Владимир Глебович чувствовал какую-то все более возраставшую симпатию к этому человеку. Его глаза были перед ним, и то, что промелькнуло между их глазами, то впечатление какой-то соединенности и глубочайшего понимания, вернее, пока возможности этого понимания, поразило Майкова. Еще, пожалуй, ни с одним человеком, даже и с ней, с Катей, у него этого не было. А тут промелькнула эта искра, пролетела и соединила, и Владимир Глебович сразу почувствовал, что не сможет не увидеться с этим человеком, что, более того, встречи с ним будут ему нужны, как воздух, что без них он не сможет жить, и что они нужны будут ему именно для того внутреннего, духовного пути, по которому еще предстояло идти. Видимо, были общие для них вопросы, общие до такой степени, что они-то и соединяли их — двух таких непохожих людей. Словно где-то судьба уже соединила их, подарив им общий для них выбор.
Лаван ушел.
Майков вышел на балкон и увидел его, идущего по бульвару, внизу. Он шел, опираясь на зонт с деревянной ручкой.
— До встречи! — крикнул Майков.
Тот поднял голову и помахал ему рукой.
Глава четырнадцатая
Прошло уже несколько дней. Майков уезжал на дачу, работал там, возвращался в Москву, работал и в московской мастерской. Работа у него шла то хорошо, то приостанавливалась, и он не гнал ее, а ждал того счастливого часа, когда она пойдет сама легко и свободно.
Он знал, что если он будет гнать ее, то она уже не пойдет потом сама, и что всякое его насилие над собой обернется против него же и против его работы.
Он ждал того чудесного состояния, когда кажется, что все можешь. Он ждал дара. И к тому, что он делал, он относился как к дару. Тут дано или не дано таинство, которое нельзя разгадывать. И эти счастливые часы приходили рано или поздно, и за них он успевал больше, чем за недели и месяцы принужденной, влачащейся работы, когда думаешь, что делаешь ее сам. Он более всего ждал ощущения, будто не он сам делал работу, а Нечто, которое было больше и мудрее его. В последнее время он и испытывал то удивительное чувство, что будто он и не сам пишет свои картины и отдается чему-то более значительному и более понимающему, чем он сам, и, отдавшись ему, подчиняется ему и, подчинившись, пишет легко, свободно и просто, не думая ни о форме, ни о том, что он пишет, и то, что не думал и не хотел думать ни о форме, ни о том, что он пишет.
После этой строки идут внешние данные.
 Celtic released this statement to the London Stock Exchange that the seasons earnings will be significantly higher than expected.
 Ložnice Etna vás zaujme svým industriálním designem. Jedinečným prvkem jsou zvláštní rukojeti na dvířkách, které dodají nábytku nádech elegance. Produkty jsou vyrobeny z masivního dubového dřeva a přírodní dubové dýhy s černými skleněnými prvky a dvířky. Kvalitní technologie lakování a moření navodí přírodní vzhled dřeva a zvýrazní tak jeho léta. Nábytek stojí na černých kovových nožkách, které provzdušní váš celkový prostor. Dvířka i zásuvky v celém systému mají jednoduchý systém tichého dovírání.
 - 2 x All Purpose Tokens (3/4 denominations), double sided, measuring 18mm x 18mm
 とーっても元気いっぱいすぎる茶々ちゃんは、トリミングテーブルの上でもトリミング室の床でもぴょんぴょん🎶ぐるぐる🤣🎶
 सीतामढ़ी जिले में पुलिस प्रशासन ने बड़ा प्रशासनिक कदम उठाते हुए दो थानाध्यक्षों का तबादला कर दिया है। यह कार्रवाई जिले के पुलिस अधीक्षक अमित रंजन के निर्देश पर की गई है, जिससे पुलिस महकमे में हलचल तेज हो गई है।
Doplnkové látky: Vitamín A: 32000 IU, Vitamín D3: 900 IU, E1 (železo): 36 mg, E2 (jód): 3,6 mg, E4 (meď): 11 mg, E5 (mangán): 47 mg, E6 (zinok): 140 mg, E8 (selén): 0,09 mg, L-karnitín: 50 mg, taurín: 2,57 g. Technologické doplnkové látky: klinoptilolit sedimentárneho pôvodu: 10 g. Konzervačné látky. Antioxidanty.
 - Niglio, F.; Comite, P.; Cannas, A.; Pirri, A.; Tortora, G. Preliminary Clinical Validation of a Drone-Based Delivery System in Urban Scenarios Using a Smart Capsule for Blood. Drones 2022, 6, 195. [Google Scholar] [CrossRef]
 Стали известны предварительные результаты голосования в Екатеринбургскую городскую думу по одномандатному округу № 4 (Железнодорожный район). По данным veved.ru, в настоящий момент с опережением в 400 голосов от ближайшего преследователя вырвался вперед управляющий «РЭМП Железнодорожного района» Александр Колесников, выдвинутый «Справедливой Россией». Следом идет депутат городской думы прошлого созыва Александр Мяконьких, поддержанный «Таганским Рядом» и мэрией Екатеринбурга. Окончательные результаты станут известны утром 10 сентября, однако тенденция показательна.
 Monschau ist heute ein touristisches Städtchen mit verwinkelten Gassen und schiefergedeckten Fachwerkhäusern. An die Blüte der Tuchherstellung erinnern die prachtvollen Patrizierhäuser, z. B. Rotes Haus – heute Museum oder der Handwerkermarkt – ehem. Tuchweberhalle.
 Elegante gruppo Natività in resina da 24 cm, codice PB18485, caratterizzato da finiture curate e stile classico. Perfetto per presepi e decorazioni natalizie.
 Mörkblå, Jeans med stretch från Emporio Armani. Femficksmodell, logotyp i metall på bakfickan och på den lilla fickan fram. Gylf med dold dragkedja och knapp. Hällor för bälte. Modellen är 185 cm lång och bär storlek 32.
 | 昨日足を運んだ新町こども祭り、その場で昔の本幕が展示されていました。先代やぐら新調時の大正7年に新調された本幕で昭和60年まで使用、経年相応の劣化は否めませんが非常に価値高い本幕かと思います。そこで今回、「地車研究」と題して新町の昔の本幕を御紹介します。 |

И все получалось само собой. Рождалось как какое-то одно, единое полотно, которое ткач почему-то ткет частицами, сам не понимая замысла всего полотна. А потом, когда эти кусочки совмещаются, ткач видит, что получилось нечто целое. Так было и у Майкова. Майков спокойно смотрел в свое сознание и пытался сказать то, что в нем. Говорил он это теми живописными своими приемами, которые приходили к нему так же просто и естественно, как и то, что приходило в его душу.
Дар.
И ничего более.
Дано или не дано.
И ничего тут не попишешь.
И его Я дарило ему дары. Оно дарило ему свободу и радость. Что бы он ни делал, он ощущал себя свободным. То, что он делал, теперь было совершенно ново для него, и то, что это было возможно, что его прежнее Я как-то сузилось и дало возможность развиться в нем новому человеку, открывало ему новые жизненные просторы.
Он написал несколько портретов. Это не были все портреты настоящих людей, это были просто пришедшие в сознание образы.
Они неожиданно мелькали в его сознании и оставались на мгновения. Эти-то мгновения он и старался запечатлеть. Когда он успевал это сделать, то получалось хорошо.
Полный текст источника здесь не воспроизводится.